TRY IT: Using the listing below, copy exactly each line from the one that has "This truly accentuates" through the one that has "交流发言:切实把学习成果转化为推动政协事业高质量发展的生动实践"; omit the pictures.

TASK DATA:
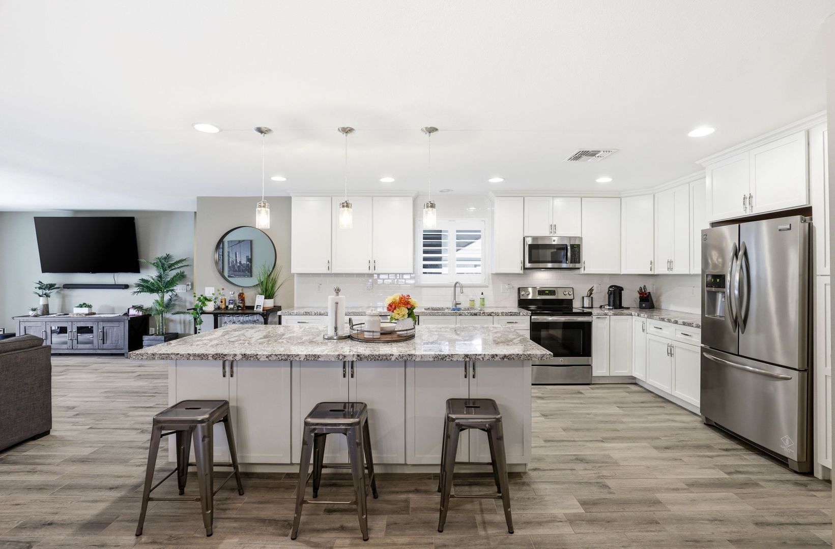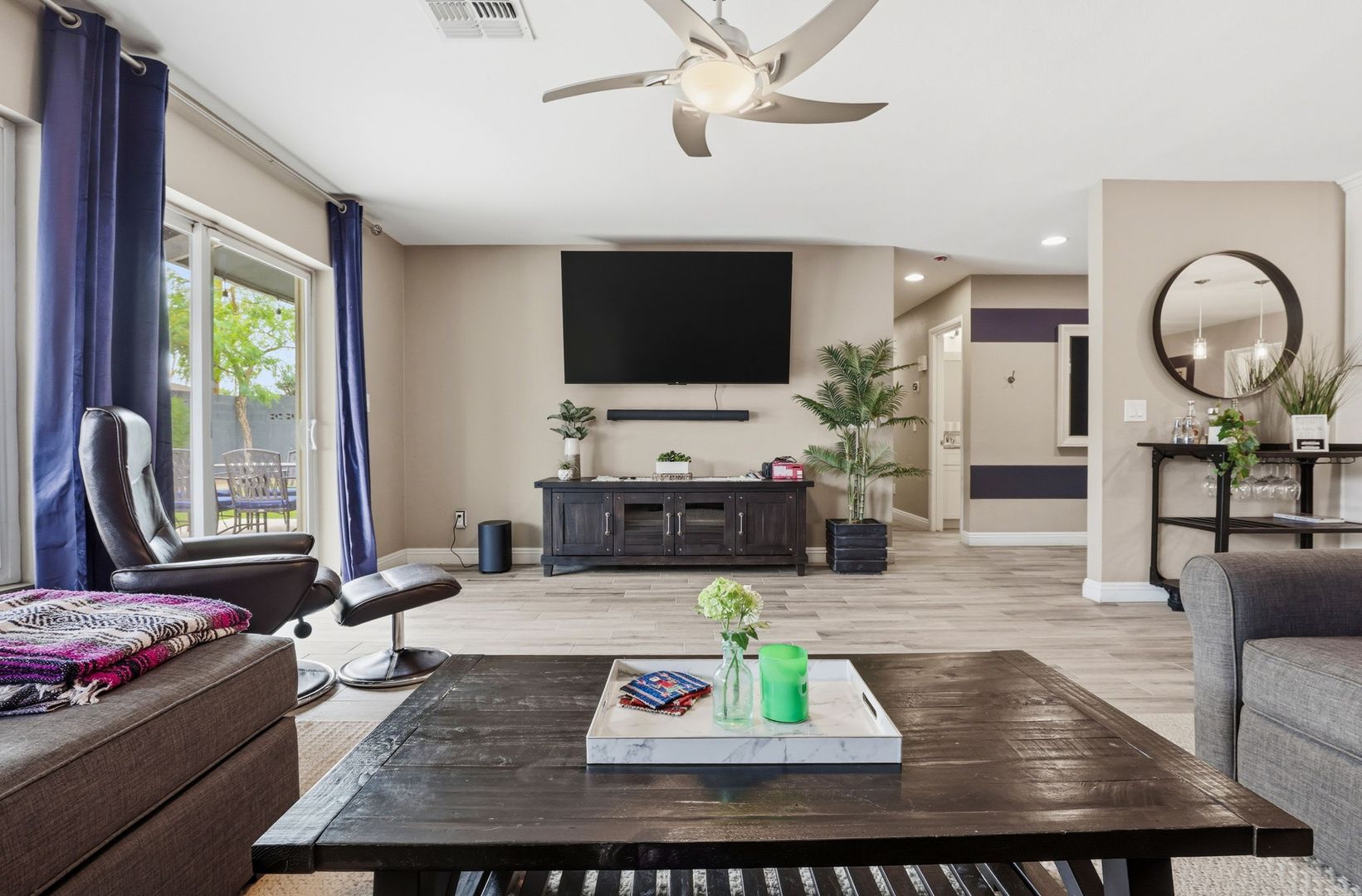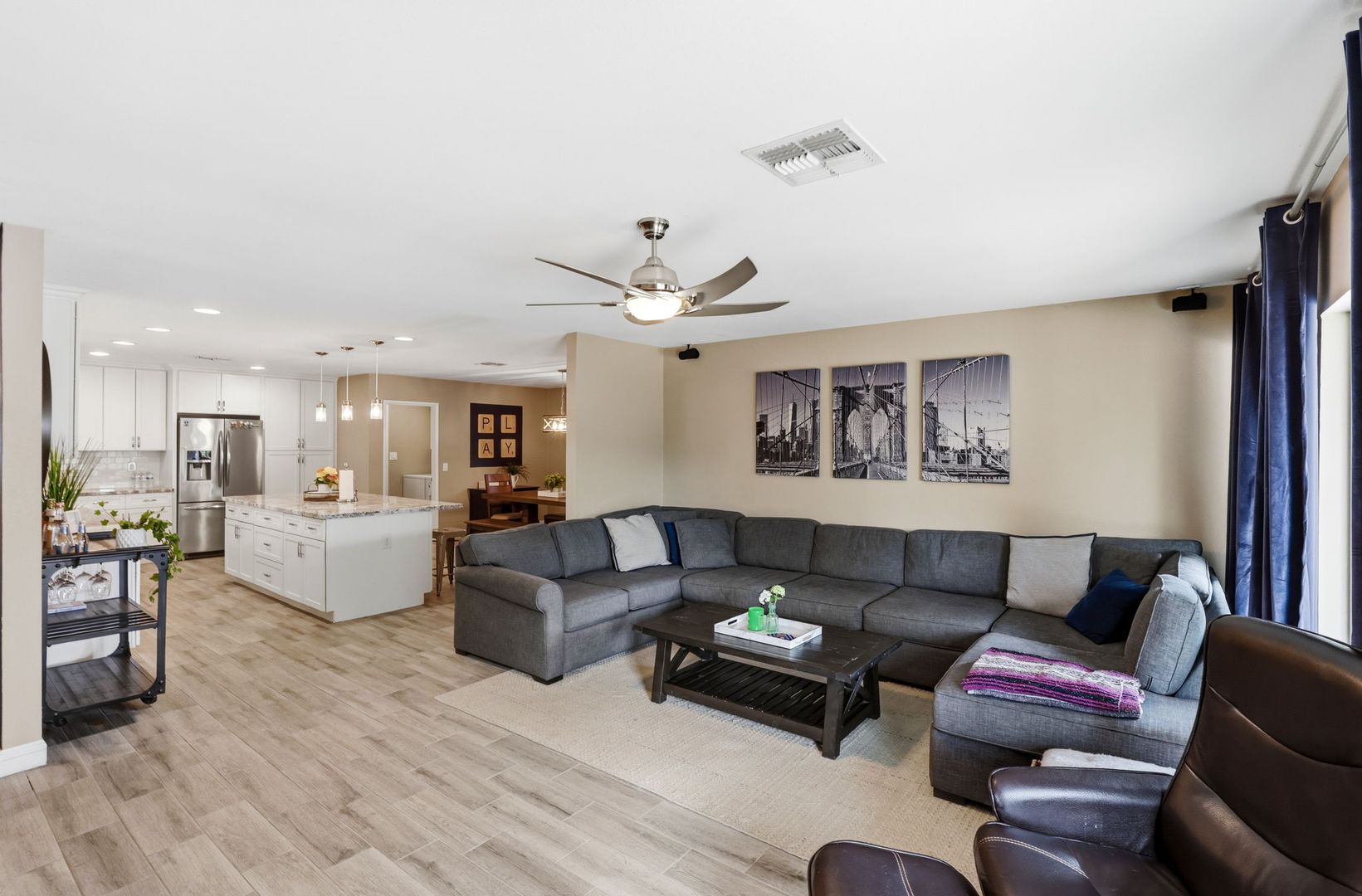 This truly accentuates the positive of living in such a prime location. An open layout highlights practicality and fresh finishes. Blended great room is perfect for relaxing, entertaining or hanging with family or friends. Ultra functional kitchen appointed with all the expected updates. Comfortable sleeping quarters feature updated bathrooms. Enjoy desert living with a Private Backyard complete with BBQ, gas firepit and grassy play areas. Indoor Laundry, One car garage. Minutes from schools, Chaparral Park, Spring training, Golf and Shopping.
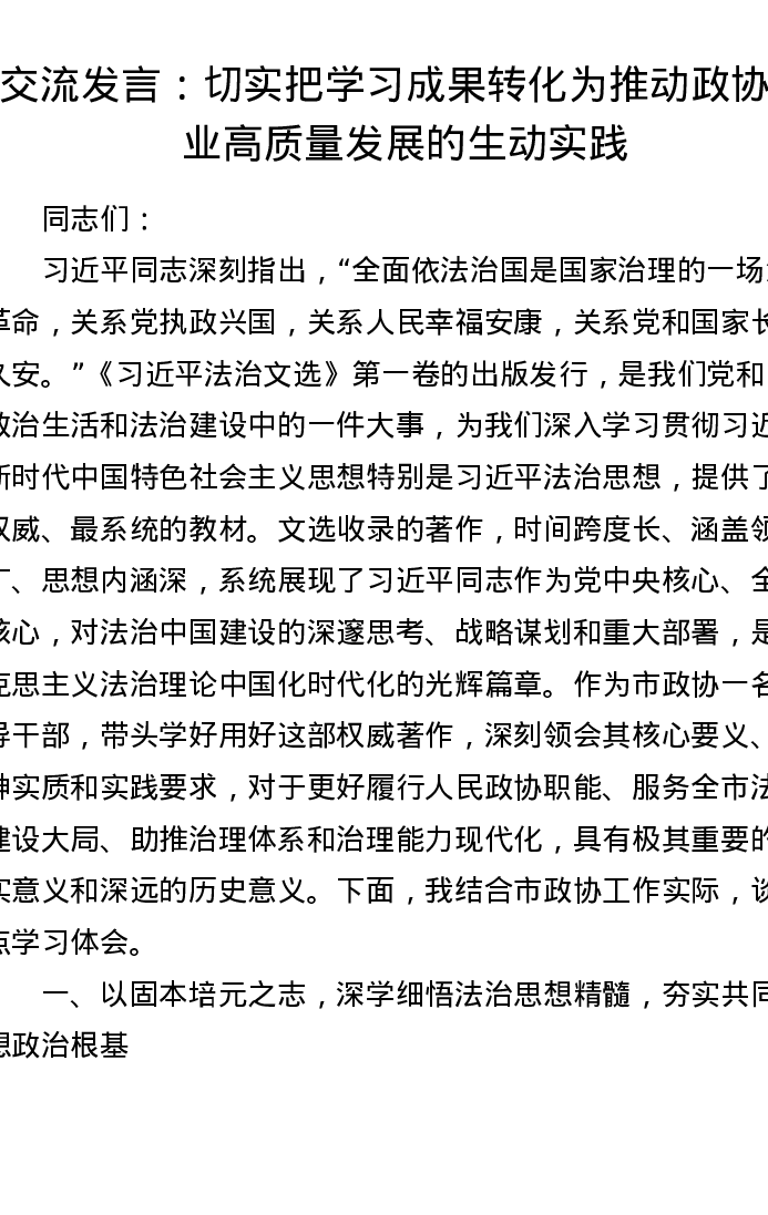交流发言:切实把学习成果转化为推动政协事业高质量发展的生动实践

---

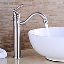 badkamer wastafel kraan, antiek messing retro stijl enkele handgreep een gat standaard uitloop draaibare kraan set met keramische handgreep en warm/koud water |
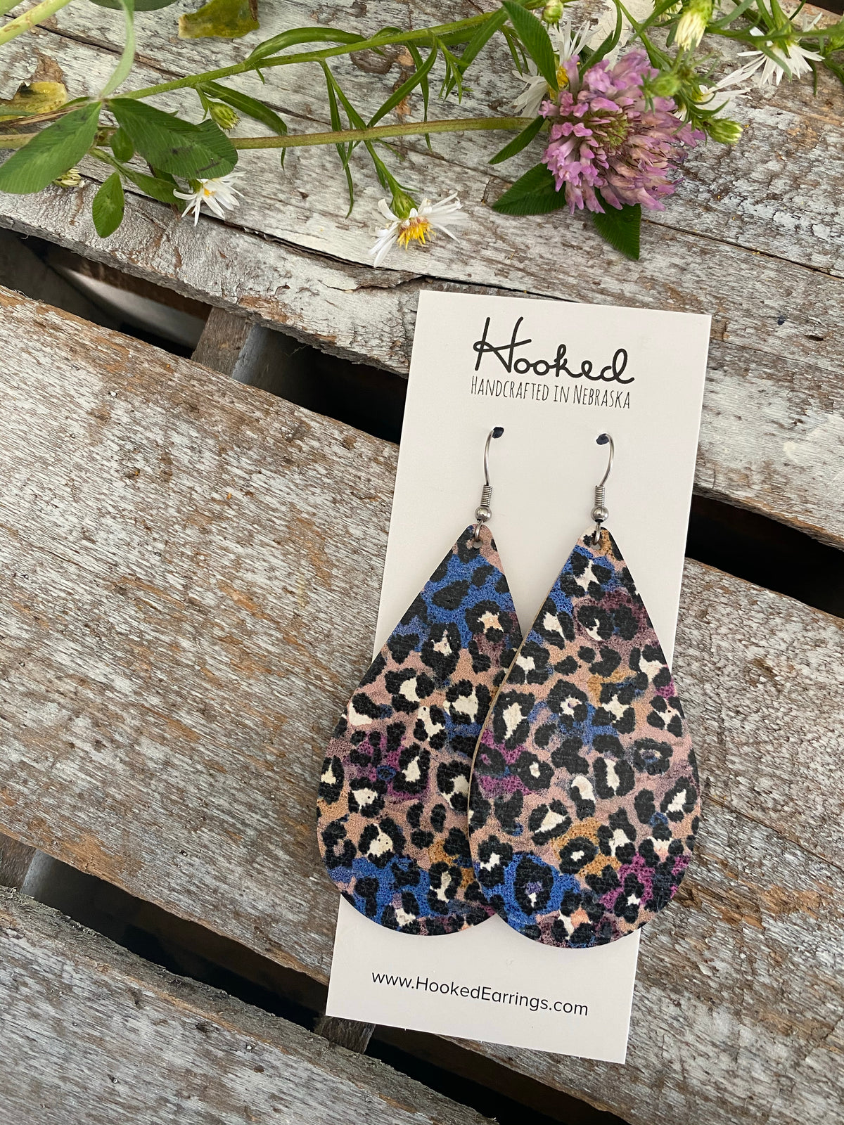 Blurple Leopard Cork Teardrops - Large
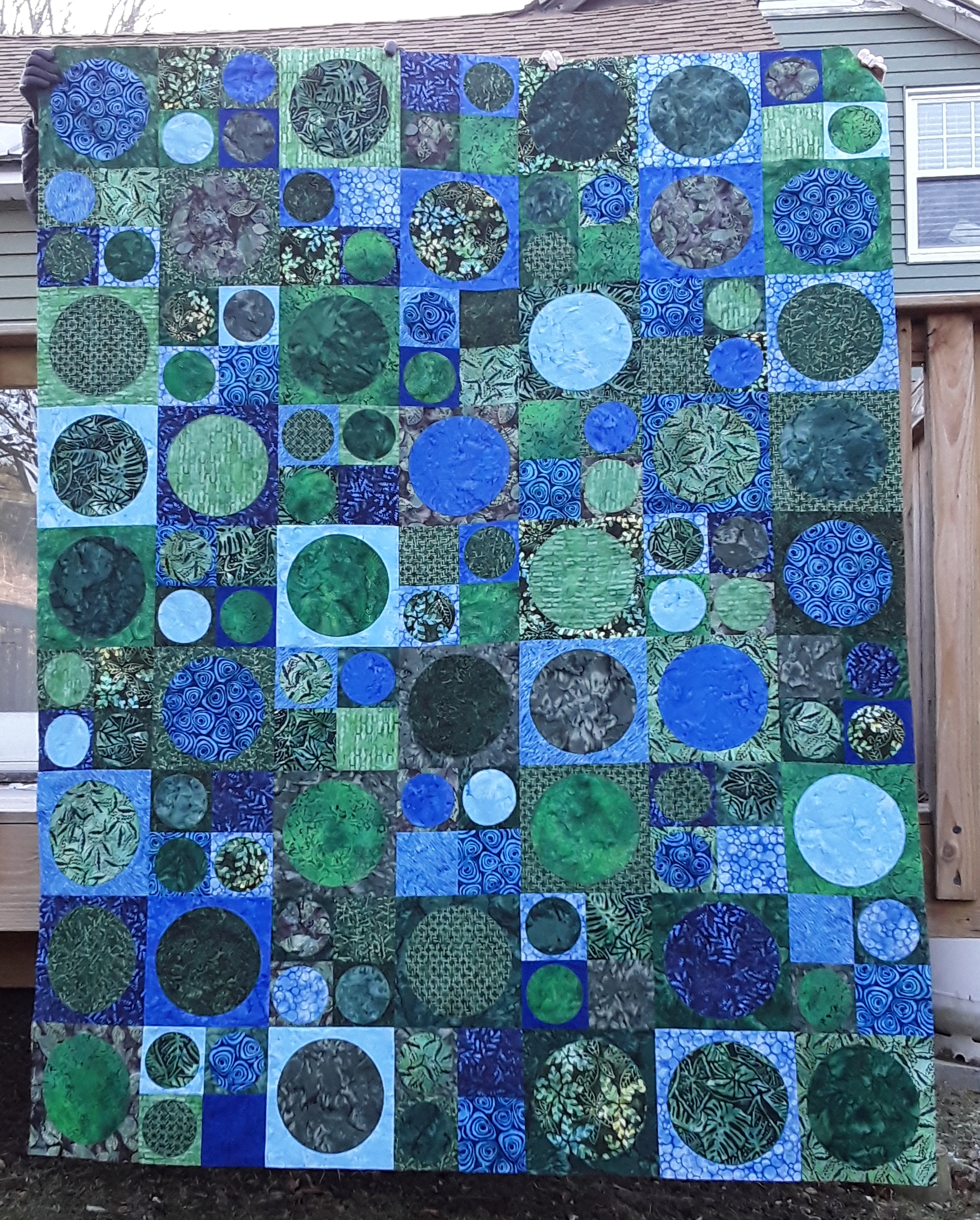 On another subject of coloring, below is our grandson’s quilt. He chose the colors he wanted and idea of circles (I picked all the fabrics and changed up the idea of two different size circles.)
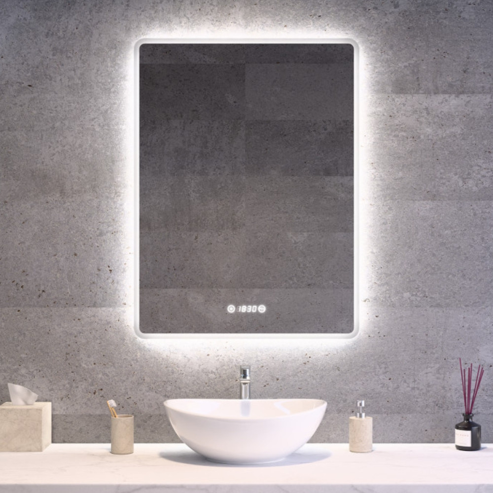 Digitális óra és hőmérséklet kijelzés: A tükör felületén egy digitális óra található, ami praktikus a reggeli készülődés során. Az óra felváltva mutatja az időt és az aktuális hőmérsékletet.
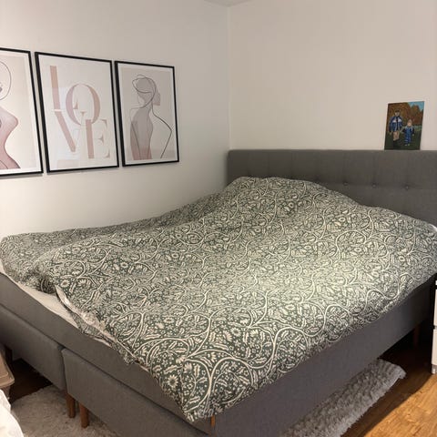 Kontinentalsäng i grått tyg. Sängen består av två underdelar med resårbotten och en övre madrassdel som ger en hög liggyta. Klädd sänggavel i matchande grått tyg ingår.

---

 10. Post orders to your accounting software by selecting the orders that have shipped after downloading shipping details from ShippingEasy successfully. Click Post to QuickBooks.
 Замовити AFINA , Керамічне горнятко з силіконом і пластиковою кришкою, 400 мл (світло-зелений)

WRITTEN SOLUTION:
 This truly accentuates the positive of living in such a prime location. An open layout highlights practicality and fresh finishes. Blended great room is perfect for relaxing, entertaining or hanging with family or friends. Ultra functional kitchen appointed with all the expected updates. Comfortable sleeping quarters feature updated bathrooms. Enjoy desert living with a Private Backyard complete with BBQ, gas firepit and grassy play areas. Indoor Laundry, One car garage. Minutes from schools, Chaparral Park, Spring training, Golf and Shopping.
交流发言:切实把学习成果转化为推动政协事业高质量发展的生动实践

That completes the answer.